**Work task:**
There should be no pictures in your answer, only an exact copy of the lines from the one with "Kolme t-paitaa merkiltään" through the end of the material.

**Dataset extract:**
—————

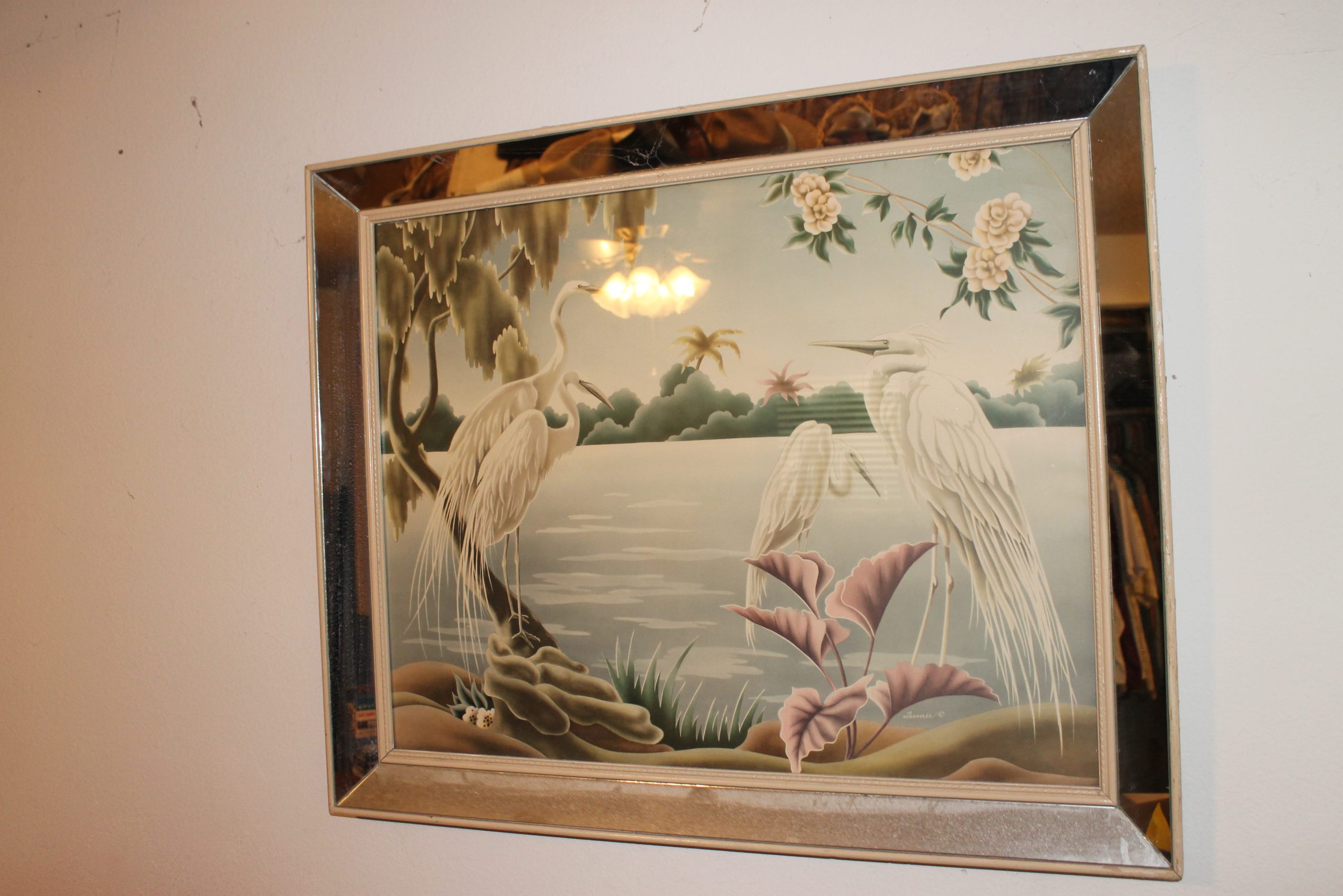 1950s Flamingo Prints in mirrored frames
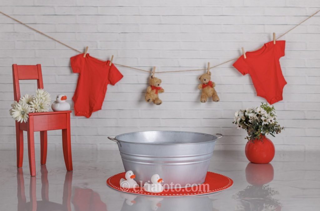 1 escenario personalizado a elegir con atrezo de cumpleaños o baño
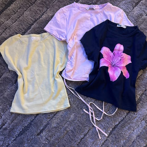 Kolme t-paitaa merkiltään Impuls ja yksi merkiltään Compa. Värit vaaleanpunainen, pinkki, oranssi (Impuls) ja vaaleansininen (Compa). Koko S. Kaikki yhteensä hintaan 15 €.
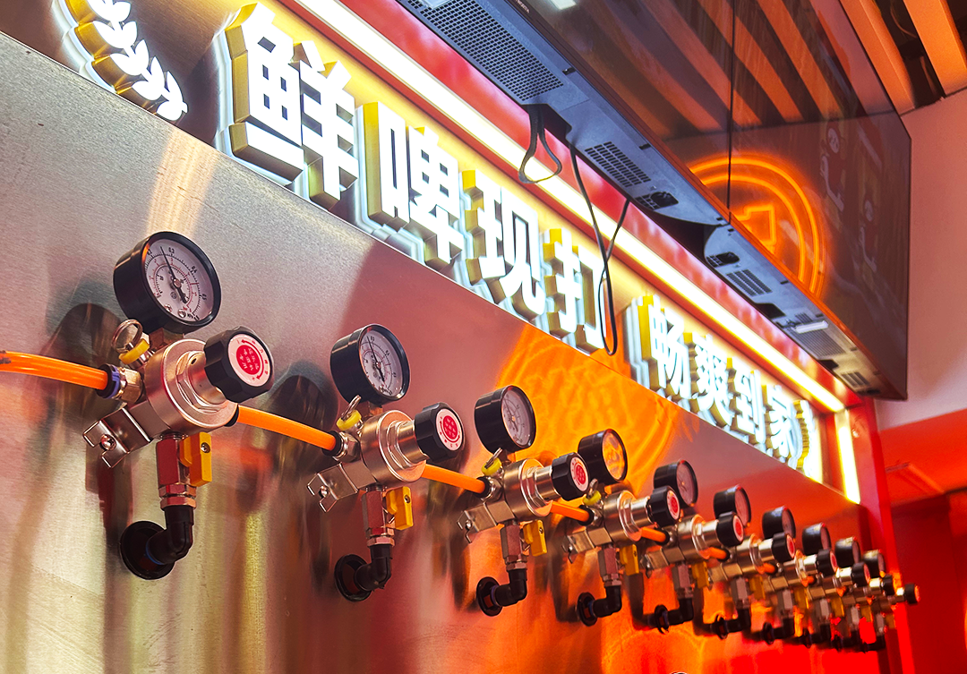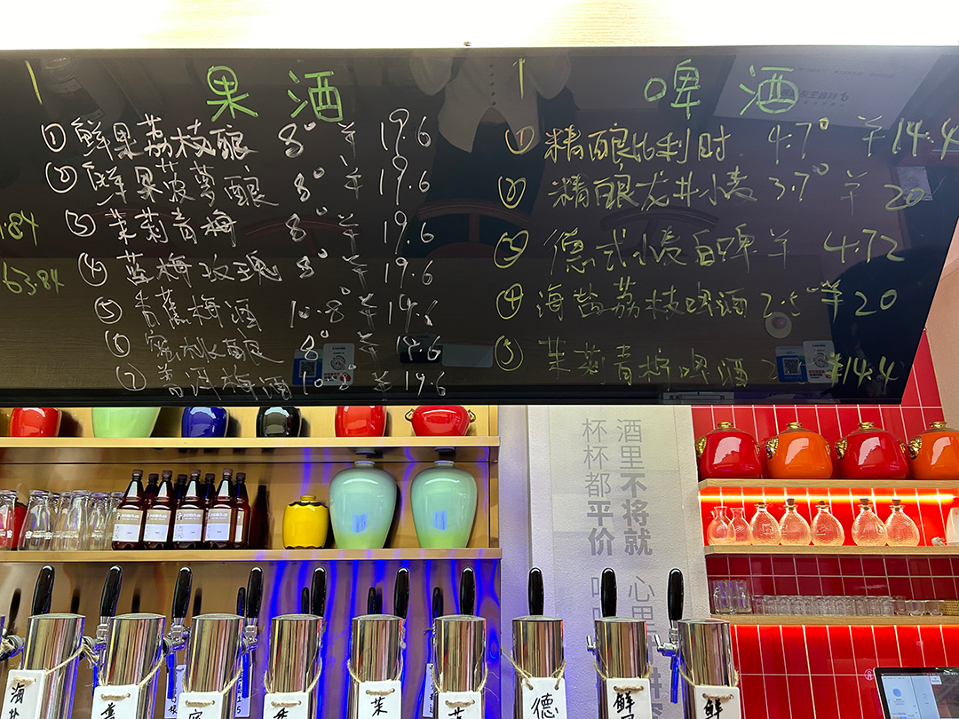玉林东路至玉林西路短短几百米,一条街布满了各式新型打酒铺:唐三两打酒铺、川酒e店、鲜啤福鹿家、皮浪精酿……放眼望去,一排排金属打酒头排列得整整齐齐。很多年轻人没有“坐在小酒馆的门口”,而是点单打酒、扫码付款、打包拎走,动作流程如同买一杯奶茶。

—————

**Result of this task:**
 Kolme t-paitaa merkiltään Impuls ja yksi merkiltään Compa. Värit vaaleanpunainen, pinkki, oranssi (Impuls) ja vaaleansininen (Compa). Koko S. Kaikki yhteensä hintaan 15 €.
玉林东路至玉林西路短短几百米,一条街布满了各式新型打酒铺:唐三两打酒铺、川酒e店、鲜啤福鹿家、皮浪精酿……放眼望去,一排排金属打酒头排列得整整齐齐。很多年轻人没有“坐在小酒馆的门口”,而是点单打酒、扫码付款、打包拎走,动作流程如同买一杯奶茶。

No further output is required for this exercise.